Overview
I find tennis to be one of the most fascinating sports to watch, especially because of the mental strength that is required of players who have no one to lean on besides themselves. They play a calendar-long season with few breaks and are facing tournament elimination in every single match.
The goal of this project is to quantify the mental strength of men’s and women’s (ATP and WTA) tennis players. The process involves simulating the match win probability at every point of every Grand Slam match, and determining the probability swing, or importance, of each point. That allows for quantifying the consistency of player performance regardless of point importance, and how effectively players rise to the occasion in high-leverage situations.
The code repository for additional detail on the methodology of the end-to-end data pipeline can be found here: GitHub
Application
Interactive Filters
- Year Range
- Tournament (Australian Open, French Open, Wimbledon, US Open)
- Player Status (Active vs. Inactive/Retired)
- Minimum Points Played (Default to 400/year, to filter out small sample sizes)
Visualize Results
- Player Consistency vs.
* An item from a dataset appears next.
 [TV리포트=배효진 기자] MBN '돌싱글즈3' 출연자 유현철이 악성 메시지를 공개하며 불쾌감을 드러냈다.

Clutchness
- Breakdowns of the Most and Least Consistent and Clutch Players
- Player Performance in High-Pressure Situations (with comparison to their overall baseline)
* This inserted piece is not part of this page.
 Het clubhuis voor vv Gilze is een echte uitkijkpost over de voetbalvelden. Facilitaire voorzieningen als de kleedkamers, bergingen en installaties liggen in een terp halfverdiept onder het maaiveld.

- Most Unlikely Wins (with match state and probability at winner’s low point)
- Highest Leverage Points (with probability swing and point winner)
- Additional details on simulation and data pipeline methodology
Tech Stack
Programming & ETL:
- Python (data extraction, match state reconstruction, simulation scripts)
- PySpark (running large-scale point-by-point match simulations)
- SQL / DuckDB queries (transforming and analyzing simulation outputs)
Data Warehousing / Storage:
- DuckDB (storing match simulation outputs and transformed datasets)
- CSVs (raw point-by-point match data from GitHub)
Visualization / Dashboard:
- Streamlit (interactive dashboard showing player performance, match probabilities, swing points, and visualizations by tournament, year, and ATP/WTA tour)
DevOps / Automation:
- Git (version control)
Architecture Diagram
Database Diagram
Future Improvements
- Integrate API connection containing match point-by-point data from tournaments other than Grand Slam matches
- Incorporate data orchestration with Airflow/Dagster
- Migrate DuckDB transformations from Python to dbt